It started with a cryptic message,
typed up in white text on a black background. “THE 1975 A BRIEF INQUIRY INTO ONLINE RELATIONSHIPS.” The mysterious post, which was published on, April 29th by The 1975 on the band’s Twitter and Instagram pages, has a subheading that reads, “If I don’t get to see the beauty of the end of culture, then at least I’ve seen the culture of the end of beauty.” What follows is a paragraph, formatted in the style of an article, (or a song?) on the topic of communication in today’s social media landscape.
On May 1st, another curious post appeared. This time of the word, “hello” inside a grey rectangle that calls to mind images of iPhone advertisements.
On May 3rd, the Manchester Indie Rock group posted the same headings, this time above an image of several teens sitting in an art museum, staring down at their phones, missing the beautiful art around them.
On Friday, May 4th, the series continued with an image of a young girl wearing a virtual reality headset, underneath the caption: “MODERNITY HAS FAILED US.” Giving little away, but insinuating plenty, the messages have sent theorists scrambling for answers as to what the posts say about The 1975’s upcoming album, Music For Cars.
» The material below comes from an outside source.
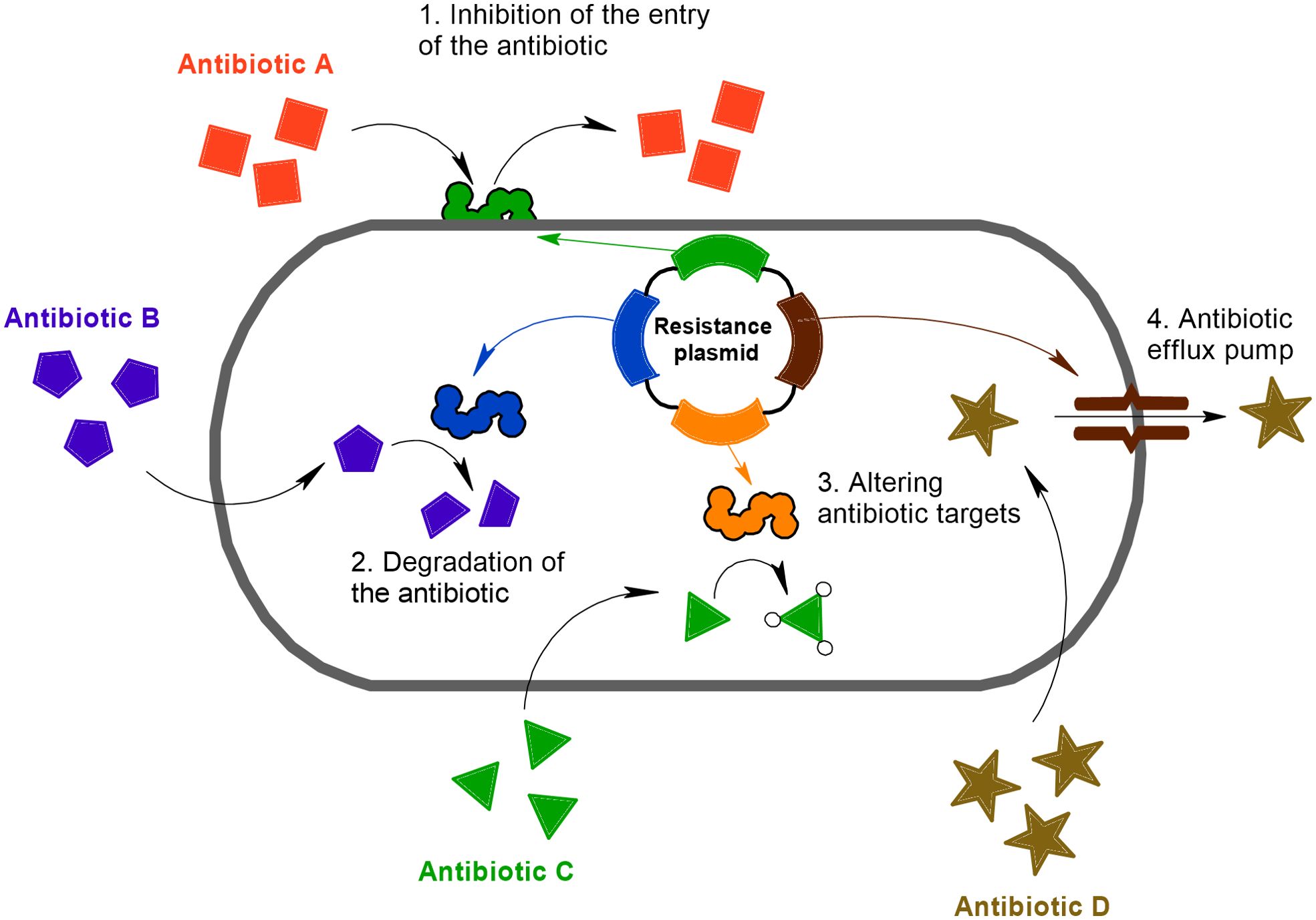 Figure 1. Main mechanisms of bacterial resistance to antibiotics: (1) inhibition of drug entry through reduced membrane permeability, (2) enzymatic degradation of the antibiotic, (3) modification of antibiotic targets to reduce binding affinity, and (4) active efflux of the drug via efflux pumps. These resistance traits are often encoded by genes located on plasmids, which can be horizontally transferred between bacterial cells, contributing to the spread of antibiotic resistance. Source: author´s content.

The 1975 recently launched a countdown clock on their website, set to reach zero on June 1st, indicating a likely release date for the new album. The band’s front man, Matthew Healy, has also hinted at June 1st as the release date in the past.
Behind the clock, images of various pop culture events and icons flash by, while instrumental music plays. Combined with the band’s previous posts, the clock design hints at an album that will take a hard look at how people use social media today.
The 1975 have always aimed to question societal norms and send messages that permeate beyond the world of music. On their 2016 hit, “Love Me,” Healy mocks the frivolity of the modern celebrity with biting lyrics like, “You look famous, let’s be friends and portray we possess something important.”
Since their self-titled album debuted in 2013, The 1975 have enjoyed success in both native England and the U.S, praised for Healy’s brilliant lyricism and the band’s ambitious and versatile synth pop sound.
Before they were The 1975, Healy, George Daniel (drums), Adam Hann (guitar), and Ross MacDonald (bass), were known as, Drive Like I Do. The group covered bands like Fall Out Boy before becoming The 1975.
Instead of fading away, Drive Like I Do, has remained a lesser-known side project for the band. Healy has assured fans that the debut album from Drive will be released “in the coming few years” and will be a separate work from Music for Cars.
According to Healy, Music For Cars will be the final installment in a trilogy of albums, and will usher in a new era for the band.
The band’s manager Jamie Oborne has hinted that the band will announce new tour dates in August. New sounds from The 1975 may be reaching audiences in the U.K and U.S by this October.